しかし、アルバイトの前歴について会社が気づくことは少なく、そのまま年末調整を行ってしまう事例も、実際にはあると考えられます。

(その3)以前の勤務先を円満に退職していない

中途採用の社員が、源泉徴収票の持参をしぶるケースがあります。例えば、以前の勤務先を円満に退職しておらず、源泉徴収票も受け取っていないことがあります。

この場合、社員は「源泉徴収票を持ってこられない」と正直には言いづらいようです。そして、そのまま時間切れになり、年末調整できない場合が見受けられます。

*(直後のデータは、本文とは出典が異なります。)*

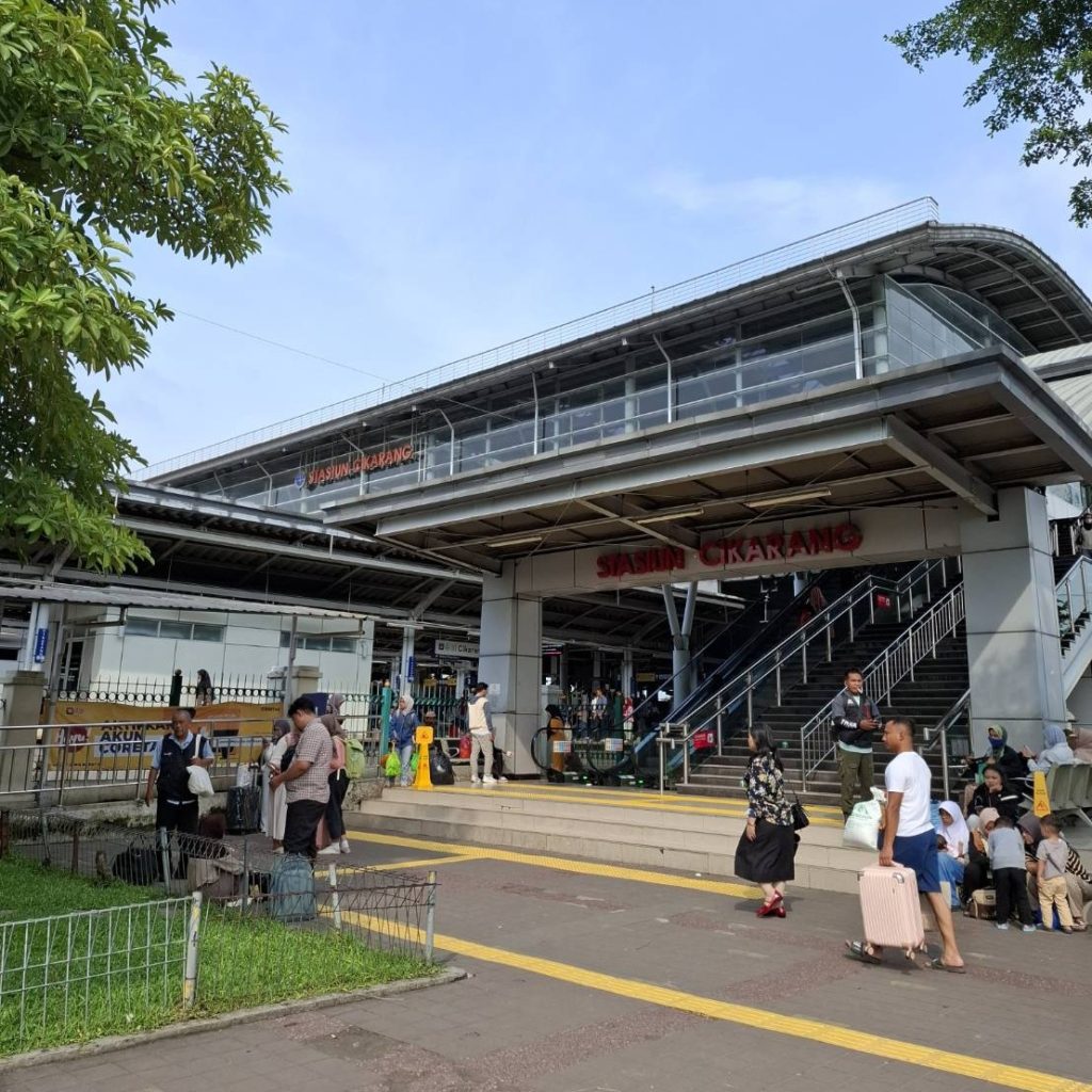 「チカラン駅」外観。今回は電車で行きました。経費で行くので節約・・時間は7時間ぐらいかかりますが。しかも弊社事業所からこの駅まで車で1時間ぐらいかかりますし、移動日と割り切るしかないですね。

会社としては、別に年末調整をしなくても問題はありません。しかし、その社員にとっては、年末調整をしないと不利になるケースも多いです。

次のアドバイスを事前に伝えると親切でしょう。

  • 前職の源泉徴収票がないと、今年の年末調整や確定申告ができず、税金を多めに負担する場合も多いこと
  • 以前の勤務先は、退職後1月以内に源泉徴収票を交付する「法律上の義務」があること(所得税法226条1項)
  • 電話ではなく、書面を郵送して、源泉徴収票の交付を依頼しても問題ないこと
  • 交付が見込めない場合は、税務署に「源泉徴収票不交付の届出手続」を行うことで、税務署からも指導してもらえること

ようやく源泉徴収票が交付されても、年末調整に間に合わない場合は、自分で確定申告をするように伝えましょう。

まとめ

新卒の社員や、中途採用の社員について、年末調整に気をつけるべき点を紹介しました。

早め早めに源泉徴収票の準備を促しましょう。前職の源泉徴収票がないと、年末調整はできません。

社員にとっても、年末調整が完了しないと、正しくない税金の納付状況になっているわけです。できれば、年末調整で済ませるのが理想といえるでしょう。